In particular, note that the first snapshot created (snapshots[0]) is tied to volume-uuid without suffix, and that the second snapshot (snapshots[1]) is initially tied to volume-uuid.1.

Then, when it is time to delete the FIRST snapshot (snapshots[0]), you issue a dom.blockCommit(disk, top="volume-uuid.1", flags=BLOCK_COMMIT_SHALLOW), and update your metadata:

chain: "volume-uuid* <- volume-uuid.2+"; active: "volume-uuid.2",
snapshots: [deleted, "volume-uuid"]

Note that the SECOND snapshot (snapshots[1]) is now tied to a new filename (volume-uuid rather than volume-uuid.1), because you commit the wrapping file of the snapshot being deleted, and not the snapshot file itself.

Reiterating with a longer chain, if you want to delete the second snapshot, while leaving the first and third snapshots intact, starting from:

chain: "volume-uuid <- volume-uuid.1 <- volume-uuid.2 <- volume-uuid.3";
active: "volume-uuid.3", snapshots: ["volume-uuid", "volume-uuid.1",
"volume-uuid.2"]

then you do a shallow block-commit of volume-uuid.2 onto volume-uuid.1, leaving you with:

chain: "volume-uuid <- volume-uuid.1* <- volume-uuid.3+"; active:
"volume-uuid.3", snapshots: ["volume-uuid", deleted, "volume-uuid.1"]

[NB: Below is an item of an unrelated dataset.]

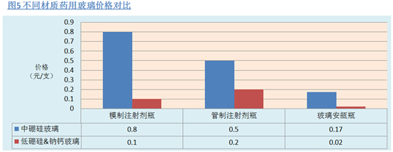 每支中硼硅玻璃价格比钠钙/低硼硅玻璃高0.3-0.7元,在价格上不占优势,但是其与药物不发生反应,利于产品稳定,可节研发时间和研发成本,另一方面也有利与后期市场的推广,这些都是钠钙玻璃和低硼硅玻璃所不能比拟的。虽然低硼硅玻璃目前在国内仍有较高的市场份额,但是随着我国创新药国家化进程的加快,仿制药一致性评价的需求,加上政策加持,中硼硅玻璃市场份额将逐步扩大,必将取样钠钙/低硼硅玻璃。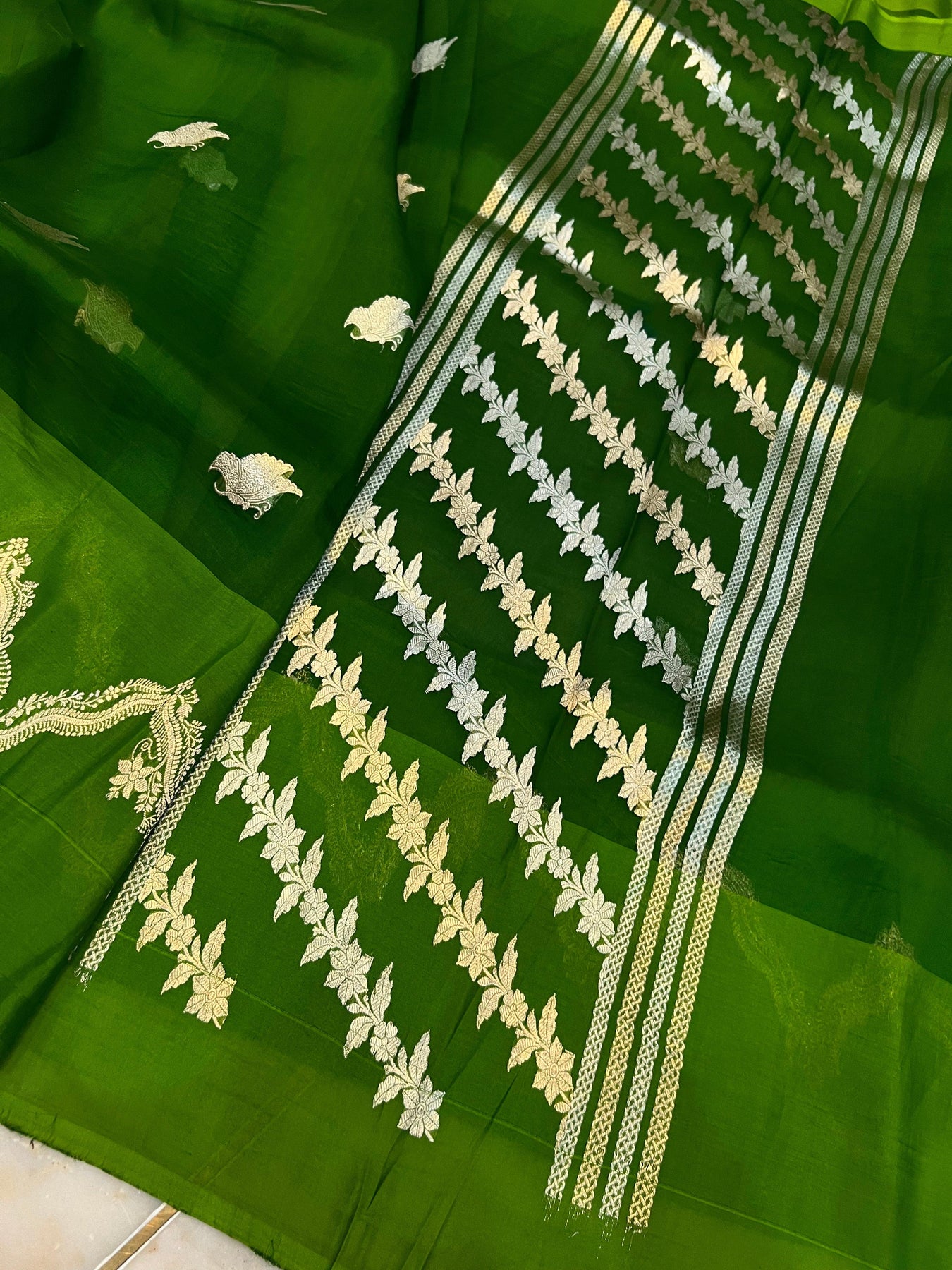 Mehendi Green Banarasi Handloom Kora Silk Saree

so even though the point in time of the second snapshot is deleted, the filename from the third snapshot is what disappeared because we committed the third snapshot into the filename originally used by the second snapshot.

I guess this means you have to track a bit more than just the active filename, but you also have to track which files are tied to each snapshot, as a deletion operation may change those file names.